Senior executives in insurance will be held personally
responsible for misconduct, as part of plans to extend the Senior
Managers and Certification Regime.
The new rules will give consumers peace of mind that those at the
top of the big insurers will be held personally responsible for
any wrongdoing. The rules will also ensure that a code of conduct
is set out for all staff, and that employees who do a job where
they could do significant harm to consumers, or to the UK’s
financial stability, are approved annually by their firm.

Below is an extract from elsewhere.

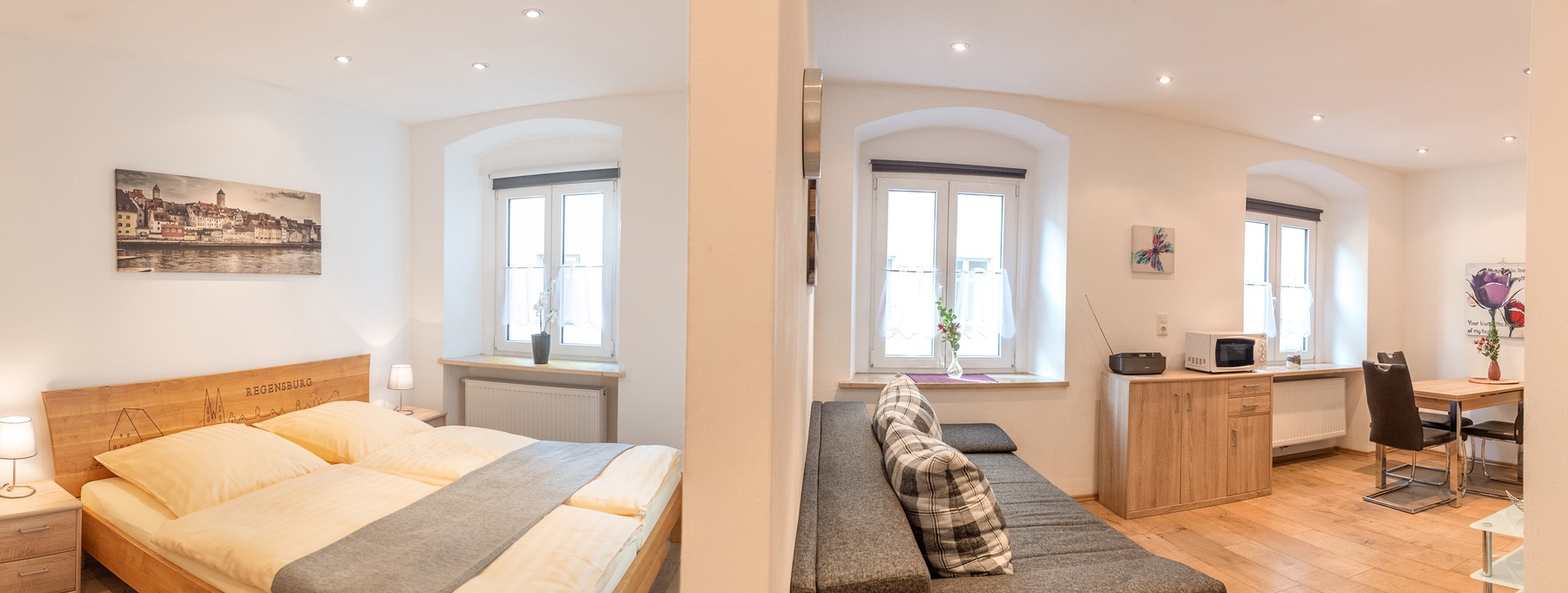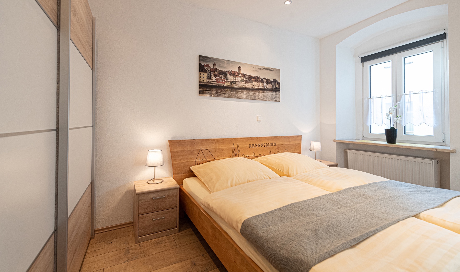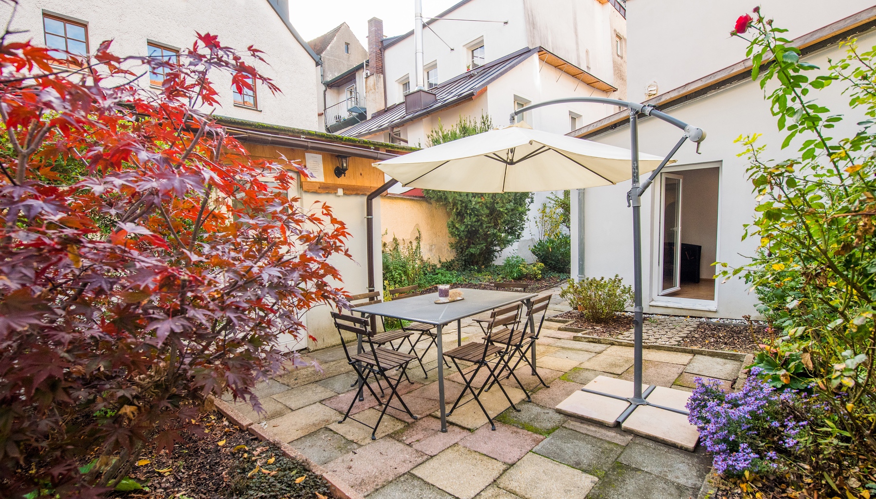Unser hochwertig saniertes kleines Altstadthaus (Fertigstellung September 2013) befindet sich mitten im Zentrum von Regensburg: 2 Minuten zum Fürstlichen Schloss, 5 Minuten zum Neupfarrplatz, 10 Minuten zum Dom. Sehr ruhige Lage.

, the Economic Secretary to the
Treasury and City Minister said:
Britain’s first-class regulation is one of many reasons our
country is so attractive for financial services investment. The
Senior Managers and Certification Regime plays a big part in
this, ensuring that those at the top display the behaviours and
values that the British people expect.
The extension of the Regime to insurance firms will ensure
individual accountability for misconduct at the most senior
levels within the insurance sector.
The Senior Managers and Certification Regime, first introduced
for banks and building societies in 2016, will be extended to
include insurance firms from 10 December 2018. Currently the
Regime applies to banks, building societies, credit unions,
investment firms and UK branches of foreign banks. The government
previously legislated to extend the Regime across all financial
services firms. The extension into insurance is the start of
this.
The Financial Conduct Authority (FCA) are also consulting on how
the Regime will apply when it is extended to include smaller
firms regulated only by the FCA (also known as solo-regulated
firms).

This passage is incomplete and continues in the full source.